Supplied material
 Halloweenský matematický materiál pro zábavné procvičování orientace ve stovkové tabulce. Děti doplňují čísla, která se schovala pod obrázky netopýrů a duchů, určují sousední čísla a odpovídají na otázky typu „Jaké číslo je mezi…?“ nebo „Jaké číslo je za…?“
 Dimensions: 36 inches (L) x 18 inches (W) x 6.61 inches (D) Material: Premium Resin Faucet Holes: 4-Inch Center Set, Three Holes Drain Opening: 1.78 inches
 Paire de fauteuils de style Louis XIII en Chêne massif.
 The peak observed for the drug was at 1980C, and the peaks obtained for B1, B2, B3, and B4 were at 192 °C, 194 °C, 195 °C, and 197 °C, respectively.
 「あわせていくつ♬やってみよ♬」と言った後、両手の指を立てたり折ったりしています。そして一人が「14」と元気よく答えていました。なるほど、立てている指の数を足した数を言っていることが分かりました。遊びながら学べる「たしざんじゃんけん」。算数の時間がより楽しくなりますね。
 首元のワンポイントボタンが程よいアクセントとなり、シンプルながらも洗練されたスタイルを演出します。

--

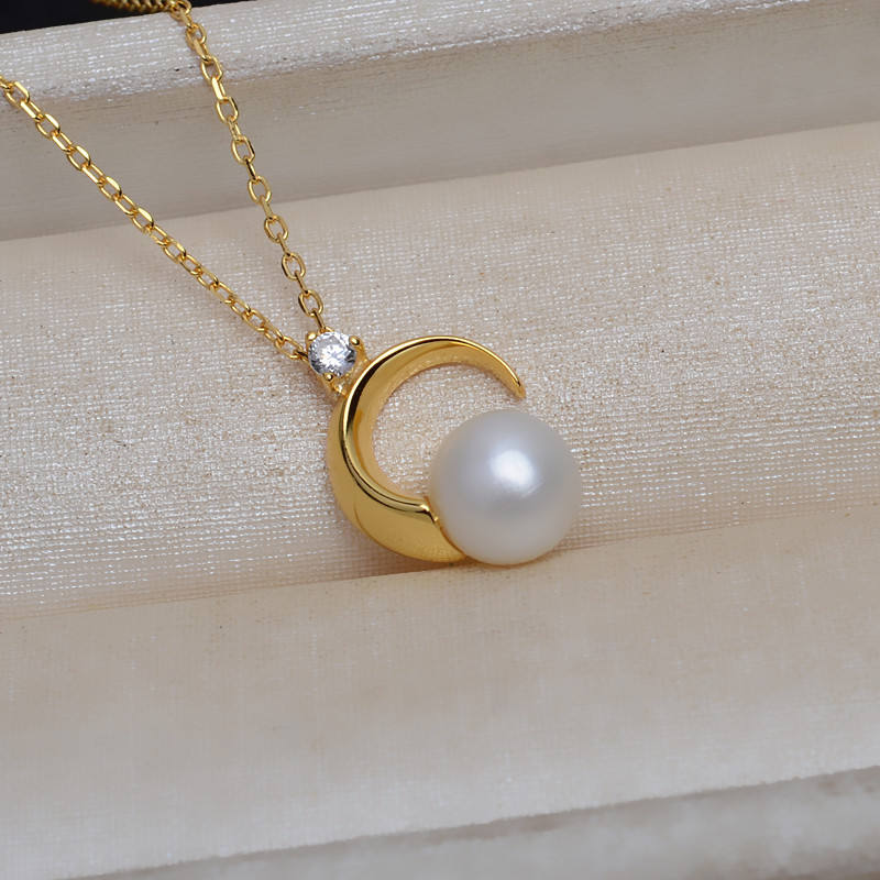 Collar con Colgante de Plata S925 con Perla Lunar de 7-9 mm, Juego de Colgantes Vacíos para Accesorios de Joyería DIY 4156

Description of the task
Among the entries above, the lines between the ones containing "Halloweenský matematický materiál" and "首元のワンポイントボタンが程", inclusive, are to be transcribed exactly. No other line is to be given.

Expected answer
 Halloweenský matematický materiál pro zábavné procvičování orientace ve stovkové tabulce. Děti doplňují čísla, která se schovala pod obrázky netopýrů a duchů, určují sousední čísla a odpovídají na otázky typu „Jaké číslo je mezi…?“ nebo „Jaké číslo je za…?“
 Dimensions: 36 inches (L) x 18 inches (W) x 6.61 inches (D) Material: Premium Resin Faucet Holes: 4-Inch Center Set, Three Holes Drain Opening: 1.78 inches
 Paire de fauteuils de style Louis XIII en Chêne massif.
 The peak observed for the drug was at 1980C, and the peaks obtained for B1, B2, B3, and B4 were at 192 °C, 194 °C, 195 °C, and 197 °C, respectively.
 「あわせていくつ♬やってみよ♬」と言った後、両手の指を立てたり折ったりしています。そして一人が「14」と元気よく答えていました。なるほど、立てている指の数を足した数を言っていることが分かりました。遊びながら学べる「たしざんじゃんけん」。算数の時間がより楽しくなりますね。
 首元のワンポイントボタンが程よいアクセントとなり、シンプルながらも洗練されたスタイルを演出します。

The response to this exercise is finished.